Двух полков кавалерии, как бы они ни были хороши, слишком мало для Турции, они не имели бы значения в таком войске, как наше. Я хочу, чтобы Турция имела кадры христианского войска, но чтобы ими командовали на их родном языке, хотя они и считаются в настоящее время подданными султана.

Это были мудрые слова; остальные согласились с ним, и эскадроны выступили из Стамбула под своим христианским, польским знаменем. [228]

LХХIV.

Последствия польского восстания 1863 г. — Омер-паша и император Франц- Иосиф. — Князь Карл Гогенцоллерн. — Географические карты Румынского королевства. — Происки берлинского кабинета. — Бюро барона Окши.

Одним из самых пагубных последствий, какие имело для Польши восстание 1863 г., было то развращающее влияние, какое оно оказало на характер польского народа. Политика тайного правительства вызвала в поляках много новых несимпатичных черт характера. Поляки были фантазеры, мечтатели, люди непрактичные, вовсе не пригодные к политической деятельности, но при всем том это были люди благородные, истинные шляхтичи, которые действовали всегда прямо, открыто и дорожили своей честью и своим добрым именем. В польском обществе встречалось так мало людей двуличных, которые преследовали бы свои корыстные цели, что в польском словаре даже не существует слова для обозначения подобных людей, и их называют Иезуитами.

Поляки ревностные католики и готовы, для защиты католицизма, жертвовать деньгами и жизнью, но они не терпят Иезуитов, представителей самого могущественного духовного ордена католической церкви, за то, что Иезуиты считают позволительными все средства, которые ведут к достижению цели. Отдавая должное их уму, поляки всегда сторонились от Иезуитов. Таковы были убеждения поляков в 1831 г., в то время, когда они отважились с неравными силами восстать против русского правительства; они остались верны себе и по окончании восстания, уповая более на Бога, нежели на свой разум. Каждый поляк мечтал быть королем, гетманом, предводителем войска, народа, был уверен, что он обладает всеми необходимыми для этого качествами и сумеет в случае надобности занять любое место. Но. давая волю своим мечтам, поляк не думал достигнуть при этом никаких эгоистических целей, а хотел только послужить Польше и общему делу.

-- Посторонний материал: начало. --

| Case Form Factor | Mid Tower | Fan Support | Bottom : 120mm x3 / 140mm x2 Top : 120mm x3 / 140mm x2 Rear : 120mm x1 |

В 1848 г., польское общество, притихшее под гнетом строгих мер, принятых русским правительством, сбитое с толку подлостью и недобросовестностью Австрии и коварством Пруссии, не решилось действовать честно и открыто и начать восстание, а пустилось с отчаяния в тайные козни и происки, под влиянием которых выросло целое поколение дотого свыкшееся с этими интригами, что оне стали их второю натурою.

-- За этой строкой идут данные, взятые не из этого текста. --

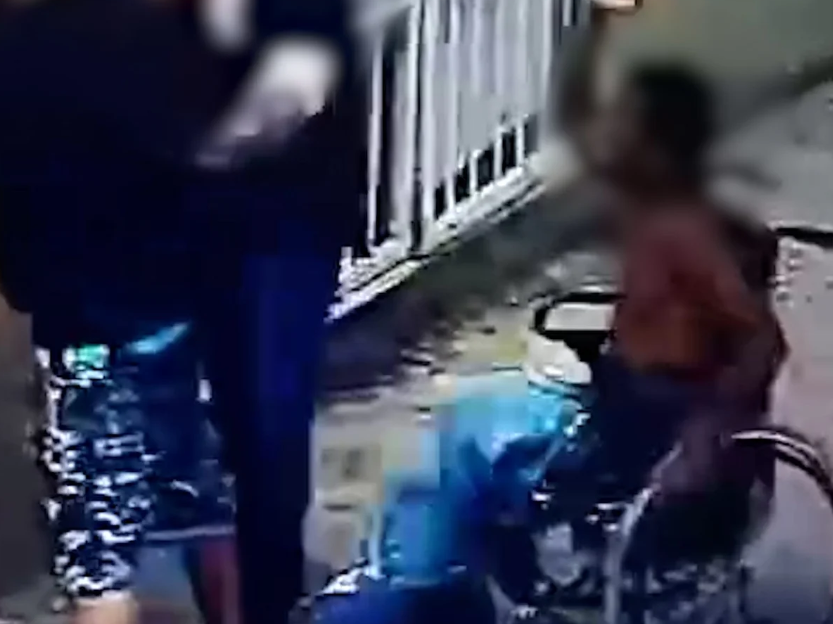 Também é possível ver o momento em que surge um homem em uma cadeira de rodas, que se aproxima sem chamar atenção e crava uma faca nas costas do agente que iniciava o procedimento de revista. A filmagem é interrompida quando o policial esboça reação de surpresa e, sem rompantes, aborda o cadeirante.

Поляки 1831 г. мало-по-малу сошли со сцены, перемерли; новое [229] поколение действовавшее во время восстания 1863 г., состояло из людей совершенно иного склада. Без сомнения, многие из них были также одушевлены высокими целями, желанием служить отечеству, жертвовать для него своими силами, но все эти добрые порывы были заглушены главарями восстания, которые, прикрываясь знаменем демократии и республики, действовали как иезуиты, но не обладали их умом и тактом. Ложь, интриги, страсть к наживе были отличительными чертами таких людей, как например Фаддей Оржеховский или барон Окша и ему подобные, бывшие с 1863 г. членами тайного правительства.

Пруссаки стерли с лица земли польское шляхетство, австрийцы натравили поляков в войну, сами же поляки горели желанием погубить Россию, которая после Крымской войны протянула им по-братски руки и предлагала им, как братьям-славянам, идти с нею совместно и составить единую могущественную державу. Несчастные поляки не вняли голосу правды, и Господь жестоко покарал их за это, ибо он создал нас прежде всего славянами и хотя в нас выработались с течением времени те отличительные черты, которые создали из нас особый польский народ, но мы должны вечно памятовать о нашем общеславянском происхождении.

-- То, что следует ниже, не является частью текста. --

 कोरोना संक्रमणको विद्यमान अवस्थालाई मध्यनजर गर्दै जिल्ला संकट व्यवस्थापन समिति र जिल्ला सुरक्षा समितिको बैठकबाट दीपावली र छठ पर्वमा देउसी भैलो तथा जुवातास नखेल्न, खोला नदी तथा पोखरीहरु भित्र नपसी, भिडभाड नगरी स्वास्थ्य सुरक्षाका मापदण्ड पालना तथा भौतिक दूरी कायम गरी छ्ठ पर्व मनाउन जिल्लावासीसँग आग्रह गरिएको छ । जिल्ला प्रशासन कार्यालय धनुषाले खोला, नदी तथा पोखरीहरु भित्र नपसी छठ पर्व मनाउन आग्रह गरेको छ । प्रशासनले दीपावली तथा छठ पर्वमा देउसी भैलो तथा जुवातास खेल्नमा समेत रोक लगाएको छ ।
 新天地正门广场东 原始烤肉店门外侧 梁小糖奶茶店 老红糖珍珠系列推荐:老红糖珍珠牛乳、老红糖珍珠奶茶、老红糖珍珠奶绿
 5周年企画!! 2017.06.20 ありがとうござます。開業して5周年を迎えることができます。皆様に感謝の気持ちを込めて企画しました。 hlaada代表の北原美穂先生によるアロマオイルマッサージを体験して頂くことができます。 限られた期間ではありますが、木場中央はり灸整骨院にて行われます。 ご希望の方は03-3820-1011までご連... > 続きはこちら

Большая перемена произошла после 1831 г. и среди казаков; вначале, выражаясь по-казацки, в наших полках была всякая сволочь, всякий сброд, по крайней мере это были люди храбрые, решительные, не боявшиеся трудов и лишений боевой жизни и жаждавшие славы. Поэтому при совместной боевой жизни из них выработалось с течением времени превосходное войско, которое много выиграло от того, что в него вступили такие люди, как Франциск Киркор, Рихард Бервинский, Ромер, Мехмед-бей Люборадский и т. д. Среди пшеничных зерен попадались, разумеется, и плевелы, но где же их нет? К несчастью, эти порядочные люди состарились, умерли, их сменила молодежь, люди, вышедшие из школы Замойского, и, что еще хуже, многие высшие должности стали замещаться исключительно по протекции, и между казаками развились мало-по-малу интриги, доносы, с помощью которых младшие старались подставить ногу старшим и занять их место. В ответ на вопрос, почему же казаки допустили в свою среду этот новый нежелательный элемент, можно только сказать, что нельзя было выбирать, так как не было людей.

О молодежи, которая присоединилась к нашему войску после восстания 1863 г., нельзя сказать ничего дурного, за исключением тех лиц, которые были агентами барона Окши и которых он прислал к нам с целью расстроить нашу организацию. Но так как в наших полках было уже много болгар и иных славян, которые были [230] опорою нашего войска, то этим агентам не удалось исполнить возложенную на них миссию.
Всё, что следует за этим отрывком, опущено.